European players evaluate impact of energy surcharge on polymer markets
Low gas stocks in Europe amid reduced imports from the US and Russia as well as demand growth amid reopenings were shown as reasons behind the price surge. This in turn affected production margins in energy-intensive industries, including PVC and LDPE. Whether or not other suppliers will reflect rising utility costs on resin prices is being discussed.
Kem One has been the first producer to levy surcharge on its PVC prices as of October 1st. The company decided to apply a surcharge of €110/ton as steep September hikes in energy costs will have by far exceeded the anticipated evolution of the price of caustic soda and PVC on their side. The producer source reported, “As a matter of fact, gas and electricity prices in France would have increased by respectively 290% and 230% since January. And this dynamic is true all over Western Europe.”
Although there has been no official announcements, a different West European producer also applied €120/ton hikes on its PVC offers starting from October.
Most suppliers issued €50-60/ton hikes on their offers, with one of them commenting, “We haven’t applied an energy surcharge so far. Still, prices are set for renewed increases in the short term due to unbalanced market conditions.”
Looking ahead, players exclude a reversal in Q4 despite inflated prices, citing that rising utility costs on top of lingering shortage, healthy demand and global firming will provide producers the leverage needed to maintain or hike prices.
LyondellBasell decided to implement a natural gas and electricity surcharge, which is currently set at €50/ton, on all its LDPE, HDPE and PP orders supplied after November 1, 2021.
As a precursor to the forward movement on prices, a few producers were seen testing the market with hikes of up to 3-digits both for PP and PE. However, October demand has lagged behind expectations due to buyers’ resistance to hikes beyond the monomers’ outcome amid already inflated levels. Hence, sellers had to step back from their initial hike attempts by mid-month. October PP deals have been mostly closed with rollovers, while a stable to slightly firmer trend was observed for PE depending on the grade.
November expectations are shaping up on the bullish side, looking at projections to reflect rising energy costs on resin prices and limited imports. Despite firmer voices, buyers have felt no urge to stock up by mid-October. It remains to be seen whether or not moderate demand and relatively better regional availability will put a brake on the awaited hike attempts.
According to market sources, Alpek Polyester UK has applied a surcharge of €170/ton on PET contracts for October to tackle rising costs.
There has been no other PET producers following suit so far, while the bullish run in Europe was already fueled by supply shortages and global firming.
Trinseo announced that it will apply energy surcharge for plastics, latex binders and synthetic rubber products to reflect cost increases. Accordingly, the surcharge of up to €500/mt ($580/mt) will be applied to the contract and spot prices for all products produced in its European facilities as of October 27.

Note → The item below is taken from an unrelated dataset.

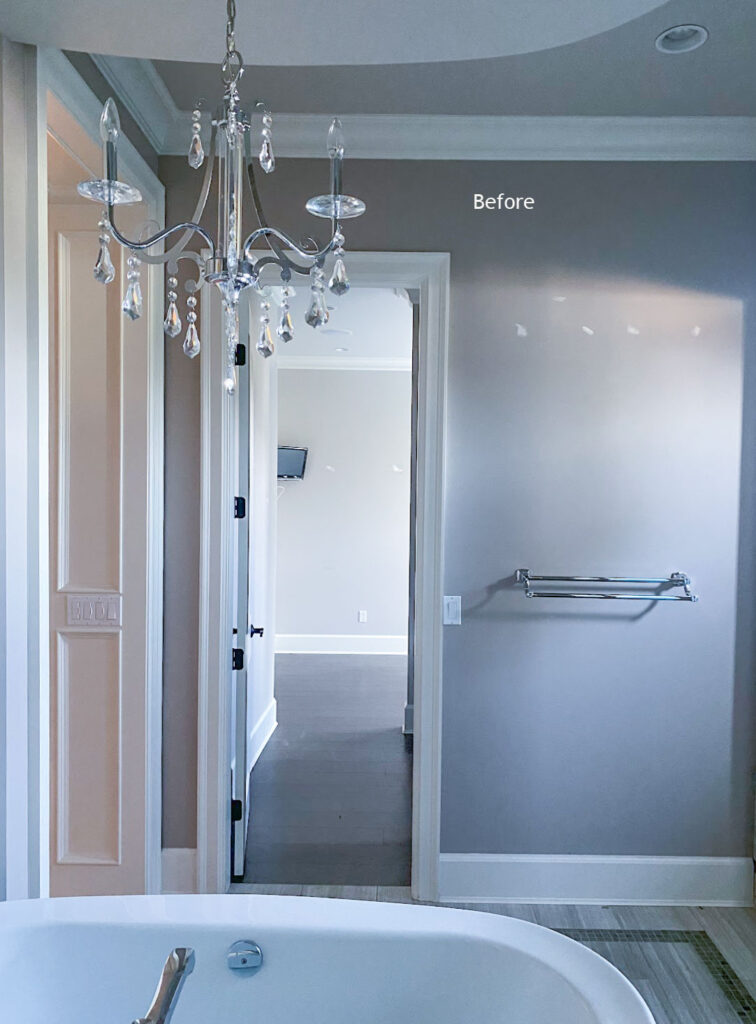You’ve seen a few glimpses of my primary bathroom. But finally! My horizontal striped, sheer drapes were finally installed (only 2 1/2 years later 😬) so here is my official primary bath makeover reveal.

ABS shortage led to a mostly firmer trend in October. Automotive and appliances sectors witnessed a slowdown compared to the first 8 months of the year amid the microchip shortage. Indeed, new passenger car registrations in Europe indicated the lowest amount for a month of September since 1995. However, slowing demand was counterbalanced by short ABS supplies. As for November, rising costs have paved the way for bullish expectations, as is the case for other polymers.
October PS deals have been closed with increases amid supply constraints stemming from regional shutdowns and falling imports. Meanwhile, rising costs are expected to lead to renewed hikes in November as suppliers intend to apply energy surcharges. Plus, a distributor said, “There will be a surcharge for extra volumes as well amid tightening availability.”
Upstream strength, logistics snarls support Nov outlook for all
Upstream markets were propelled higher by strong crude oil futures. According to ChemOrbis Price Wizard, spot naphtha prices on CIF NWE basis hit their highest level since late September 2014. Spot ethylene, propylene and MEG prices on FD NWE basis as well as styrene and PX prices on FOB NWE basis mirrored gains in the upstream markets.
Lingering supply chain snarls and global firming also contribute to the bullish November outlook.
Import prices are unworkable as a result of sky-high freight rates, while logistical backlogs put players off from engaging in distant cargoes. Shipping turmoil will keep import supplies restricted in the foreseeable future, participants believe. Nevertheless, players talk about the possibility of seeing more US PE cargoes towards the year end in Europe, which offers one of the highest netbacks across the board.
Apart from maritime logistics problems, Europe has been grappling with a lack of truck drivers, which adds to the rising transportation costs.